Magnetohydrodynamic processes in astrophysical systems
Almost the entire universe of observable normal matter is made of plasmas. On various macroscopic scales, the dynamics of magnetized plasmas can be adequately described by magnetohydrodynamics (MHD) with proper adaptations. Examples include: magnetospheres and magnetized outflows of planets, stars and compact objects, solar and stellar coronae, molecular clouds and star forming cores, core collapse of supernovae and (super-)massive stars, accretion disks around compact objects (white dwarfs, neutron stars and black holes), galaxies, and galaxy clusters. Through (semi-)analytic and numerical simulation studies, we explore astrophysical MHD processes in the above contexts to learn about their origin, structure, dynamics, evolution, physical properties and diagnostic features.

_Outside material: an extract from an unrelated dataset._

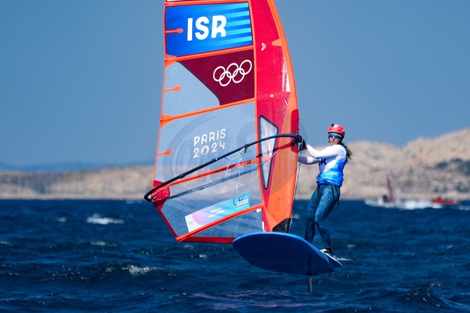 Sharon Kantor (Israel) during the final women's windsurfing Medal Race - Sailing, during the Olympic Games Paris 2024. (Photo Norbert Scanella / DPPI Media / Panoramic)

Contact: Xuening Bai, Yuqing Lou,
Origin, transport, and feedback from cosmic-rays
Cosmic-rays are energetic charged particles mostly originating from beyond the solar system. Not only is their origin puzzling, they possess significant energy density in the interstellar medium play a major role in galaxy formation and evolution. Using numerical simulations, we study the processes that accelerate charged particles to become cosmic-rays in various astrophysical environments, especially in shocks and turbulence. We also investigate microscopic processes that are crucial in cosmic-ray transport and feedback.